FCKSMEZVBFTODF-UHFFFAOYSA-N

Density

1.3±0.1 g/cm3

Solubility

10 mm in DMSO

Flash Point

205.5±27.6 °C

Index Of Refraction

1.600

Vapor Pressure

0.0±1.0 mmHg at 25°C

Appearance

Solid

Shelf Life

0-4°C for short term (days to weeks), or -20°C for long term (months).

Shipping

Room temperature, or blue ice upon request.

Storage

Store at -20 °C, keep in dry and avoid sunlight.

Boiling Point

416.1±41.0 °C at 760 mmHg

Form

Solid

4-Methyl-4-(pyridin-2-yldisulfanyl)pentanoic acid, often referred to as a synthetic organosulfur compound, has significant applications in the field of medicinal chemistry. One of its key applications is as an enzyme inhibitor. This compound’s structure allows it to interact with specific enzymatic pathways, thereby modulating the activity of certain enzymes. By inhibiting enzymes that are overactive in certain diseases, such as cancer or inflammatory conditions, this compound can help in developing targeted therapies. For instance, its disulfide bridge can be crucial in disrupting the function of metalloproteinases involved in tumor progression. In this way, 4-Methyl-4-(pyridin-2-yldisulfanyl)pentanoic acid contributes to advancements in drug design and personalized medicine.

Another vital application of 4-Methyl-4-(pyridin-2-yldisulfanyl)pentanoic acid is in the realm of analytical chemistry, particularly in studying redox reactions. Due to its unique dual sulfur bonds, the compound serves as an excellent probe or reagent for monitoring redox states in various chemical systems.
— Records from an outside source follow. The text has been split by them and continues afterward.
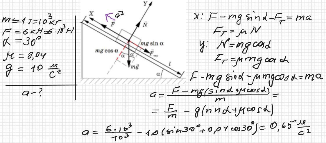 Автомобіль масою 1 т рухається під гору, розвиваючи силу тяги 6 кН. Визначте, з яким прискоренням рухається автомобіль, якщо коефіцієнт опору рухові дорівнює 0,04 , а нахил становить 30'. *
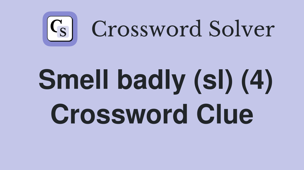 Smell badly (sl) (4) Crossword Clue Answers Crossword Solver
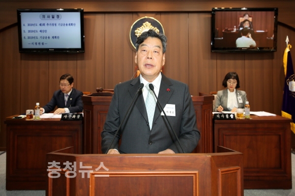 가세로 태안군수가 지난 26일 태안군의회 본회의장에서 열린 ‘제256회 태안군의회 정례회’에서 2019년도 시정연설을 통해 미래 성장 동력 확보와 군민 중심 행정 실천 등 내년도 군정운영 각오를 밝혔다.
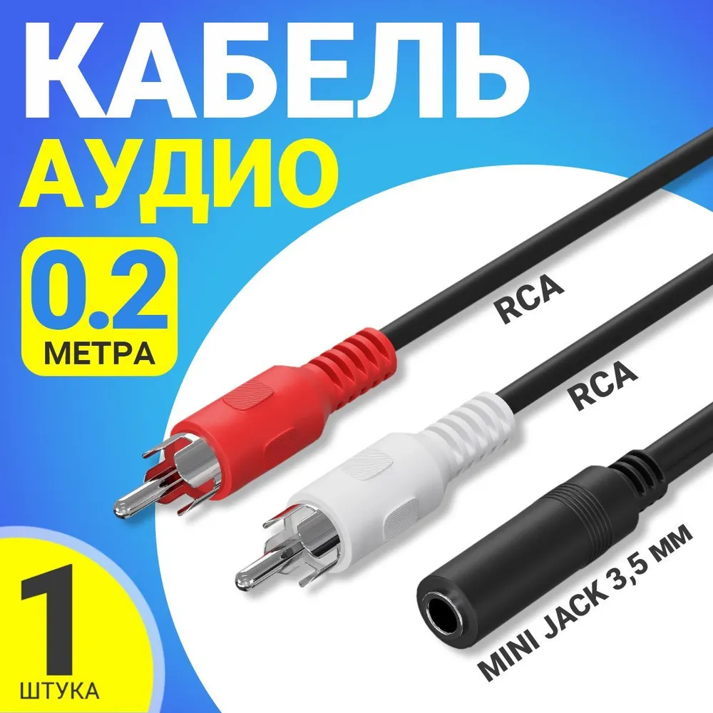 Отзывы на Аудио кабель переходник адаптер GSMIN AV11N Mini Jack 3,5 мм мини джек (F) - 2x RCA тюльпаны (M) (20 cм) (Черный)
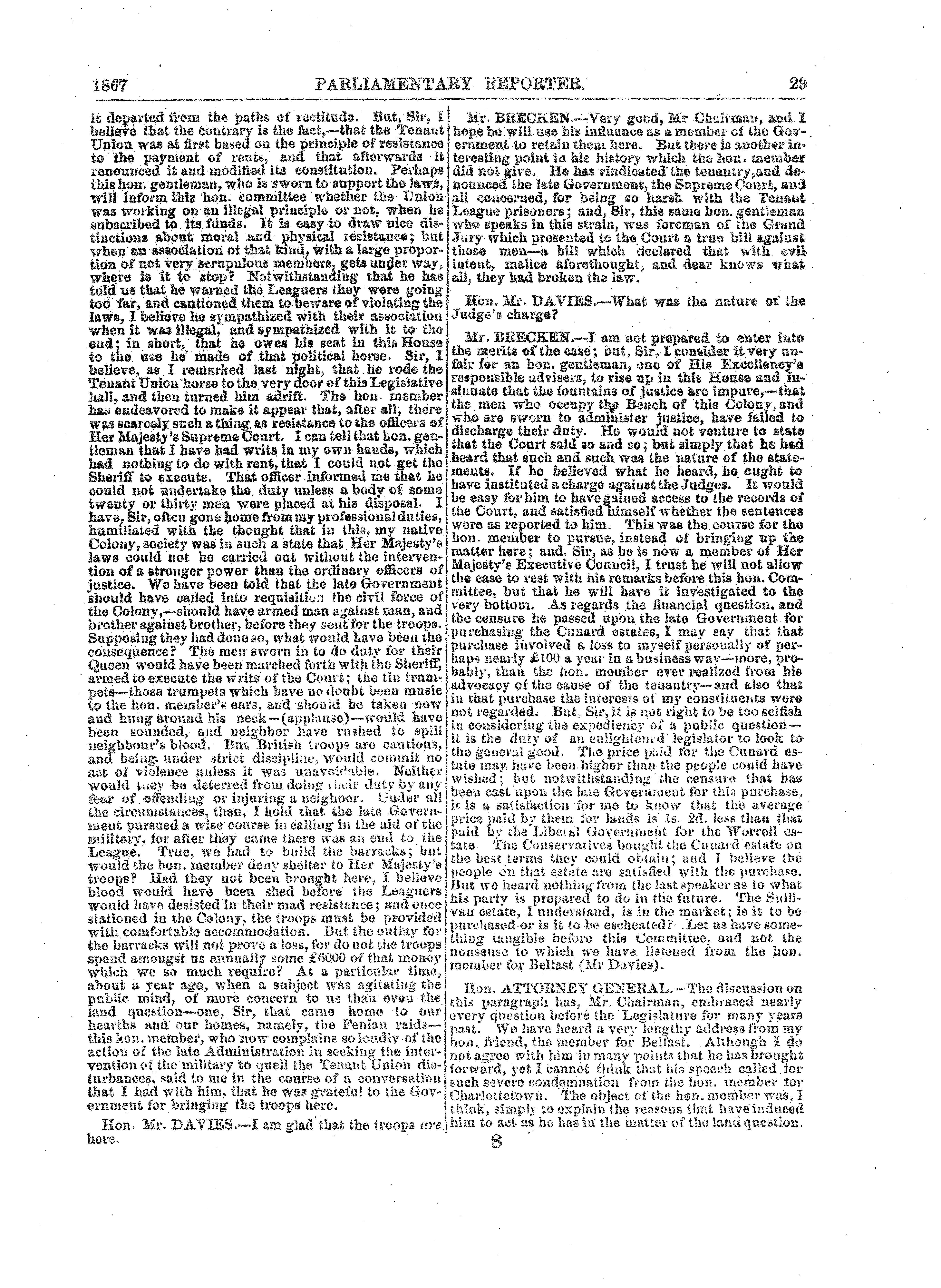 The Parliamentary reporter, or, Debates and proceedings of the House of Assembly of Prince Edward Island, for the year 1867, being the first Session of the twenty-third General Assembly : 1867

Analytical techniques involving this compound can help determine the oxidative or reductive potential of an environment, which is essential in fields like biochemistry and environmental science. Moreover, its pyridine moiety offers additional electronic properties that make it useful for spectroscopy and other analytical methods, thus expanding the toolkit available for detailed chemical analysis.
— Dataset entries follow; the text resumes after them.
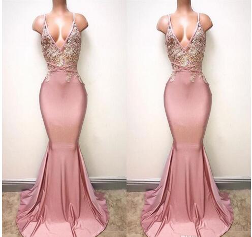 Dusty Pink Sexy Prom Dresses With Deep V Neck Appliques Beads
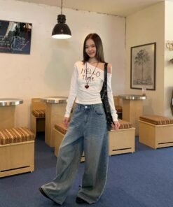 Schreibe die erste Bewertung für „Vapetix M-2XL 【220g 92% cotton 8% spandex】 Off-shoulder American retro chic long-sleeved T-shirt for women, early“ Antworten abbrechen
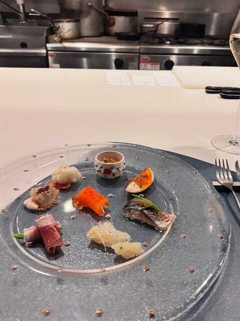 前菜盛り合わせ以降は、デザート含むメニューから好きな5種類を選ぶスタイル。基本的にグループで同じメニューを選び、デザートは各自好きなものを選べる。パスタ多めにもできるしメインだけにも、デザート無しなど構成は自由。
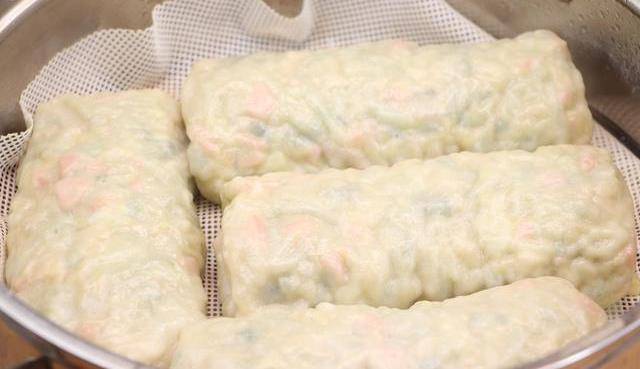蘿卜,這樣做真的是太香瞭,大人孩子都非常喜歡。我這裡選擇的是青蘿卜,還可以換成其他的蘿卜。洗幹凈的蘿卜擦成細絲。擦成絲以後,先放一旁備用瞭,接著加入200克面粉,加入兩克食用鹽,增加下面粉的勁性。混合一下,再加入70度左右的溫水,邊加邊攪拌。
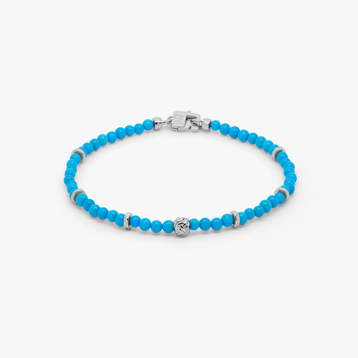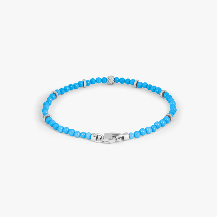 Nodo Beaded Bracelet In Rhodium Plated Silver With Sleeping Beauty Turquoise
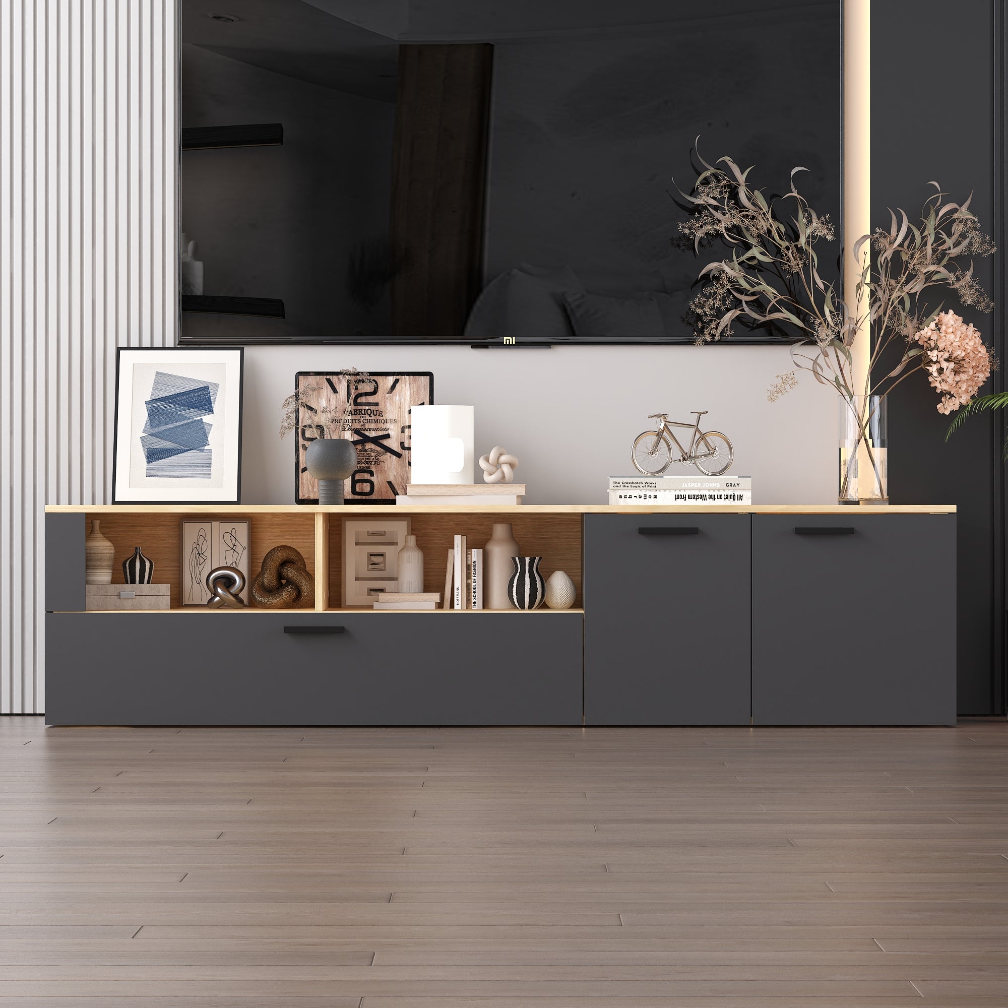 Ce meuble TV allie une finition en gris foncé et des éléments en bois naturel, offrant un style moderne et chaleureux. Il s'intègre facilement dans tous types de salons, que ce soit dans un décor contemporain, industriel ou classique. - Rangement pratique et spacieux
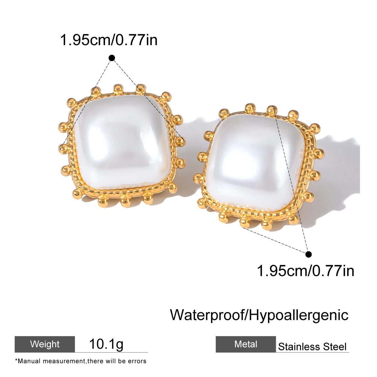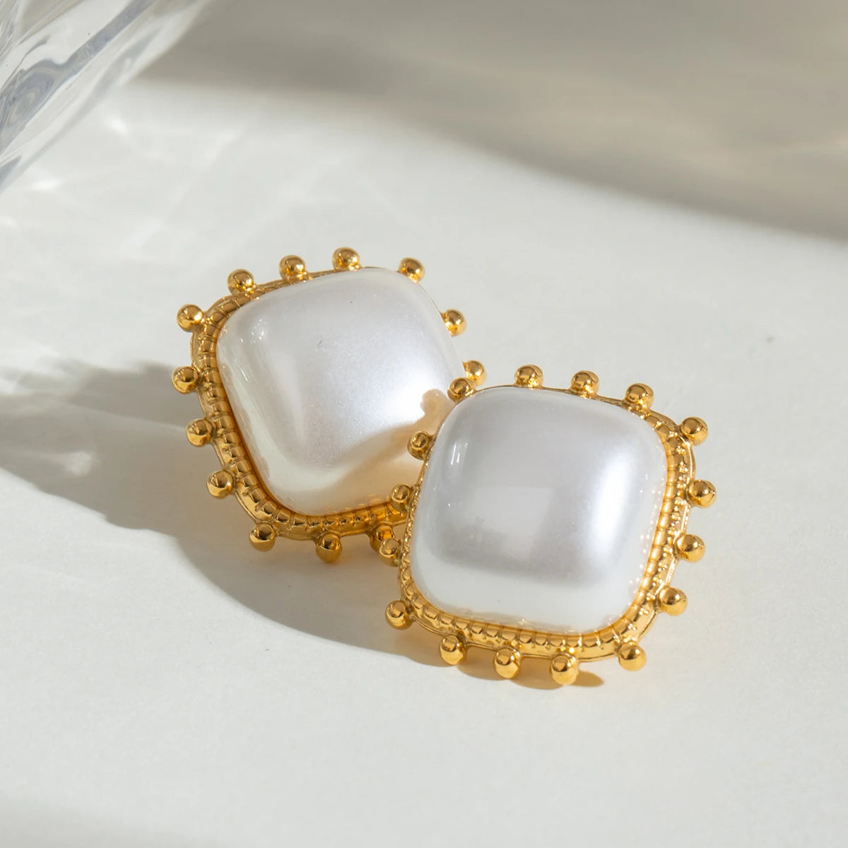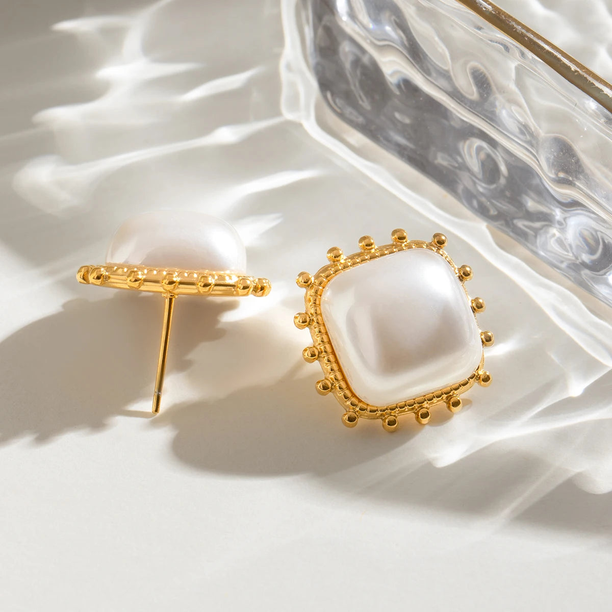 ステンレス304 低ニッケル 水に濡れても錆びにくい 18Kゴールドメッキ ピアス パール スクエア【YJ03157】

In material science, 4-Methyl-4-(pyridin-2-yldisulfanyl)pentanoic acid finds applications in the development of novel materials. The compound’s ability to form disulfide bonds makes it an interesting candidate for crafting self-healing materials. These materials can repair themselves when damaged, much like biological tissues. By incorporating this compound into polymers, researchers can create materials that regain their original state after cracking or breaking. This self-healing property is highly desirable in areas such as aerospace, construction, and consumer electronics, where material longevity and resilience are critical.
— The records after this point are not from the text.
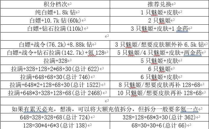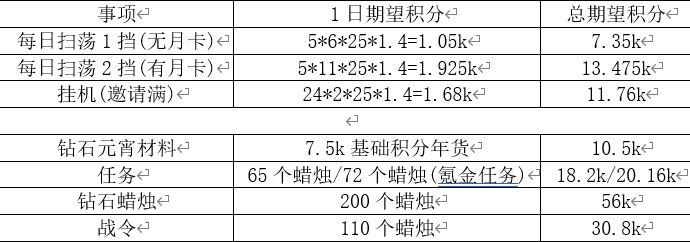 根据玩家不同的活动策略,下表给出的了各策略的积分总计,可以参考一下。先判断出自己的预期积分,再决定物品的兑换。
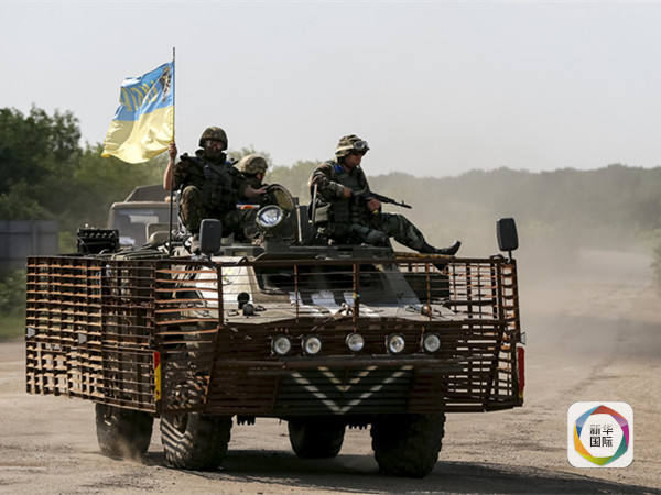 2015年6月4日,在乌克兰东部顿涅茨克州的阿尔乔莫夫斯克市,乌克兰政府军士兵乘坐军车巡逻。(新华社/路透)
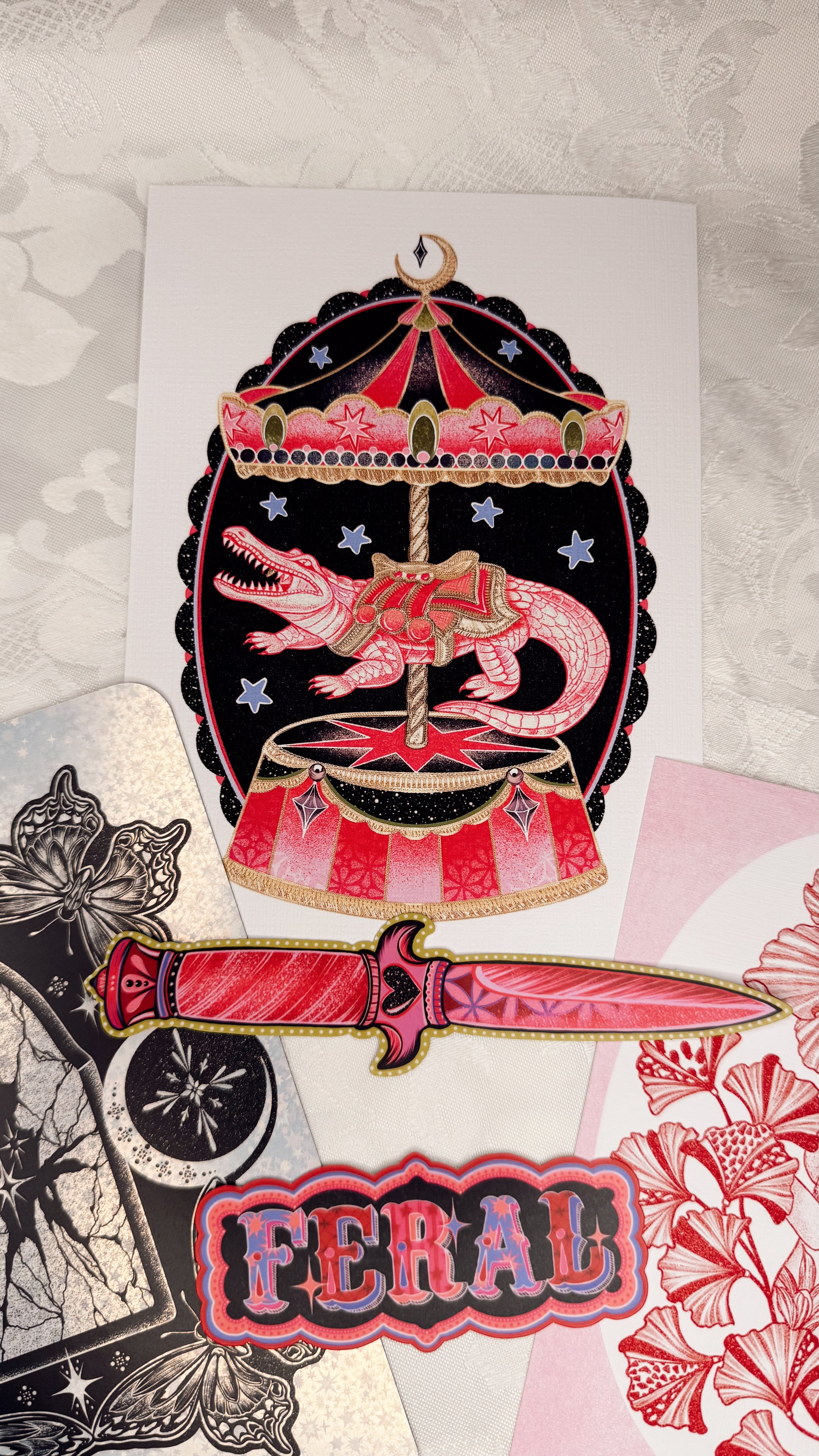One of the following: 4"x6" print, mini foil print, bookmark, additional sticker, mini print, postcard.
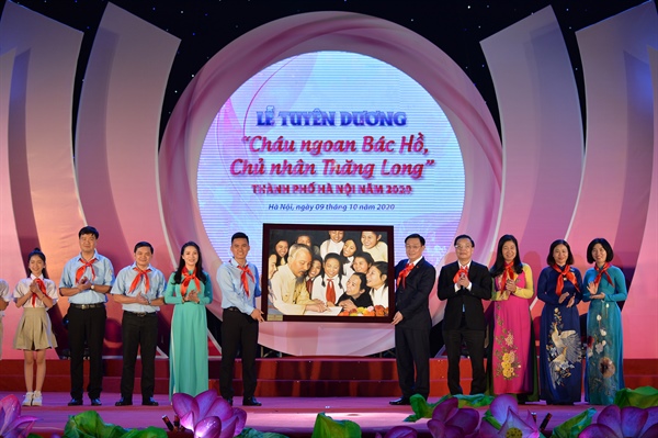 Thay mặt lãnh đạo TP, Bí thư Thành ủy Vương Đình Huệ dành tặng bức tranh “Bác Hồ với Thiếu nhi” cho thiếu nhi Thủ đô thể hiện sự tin tưởng của lãnh đạo Thành phố đối với thế hệ măng non, chủ nhân của Thăng Long, chủ nhân của Đất nước

Lastly, 4-Methyl-4-(pyridin-2-yldisulfanyl)pentanoic acid plays a role in synthetic organic chemistry as a versatile building block. Its functional groups allow for a wide range of chemical modifications, making it valuable for creating more complex molecules. The compound’s disulfide linkage can be cleaved or reformed, providing a dynamic option for synthetic pathways in creating pharmaceuticals, agrochemicals, and specialized industrial chemicals. This adaptability makes it a staple in many synthetic laboratories, where precision and versatility in chemical reactions are paramount.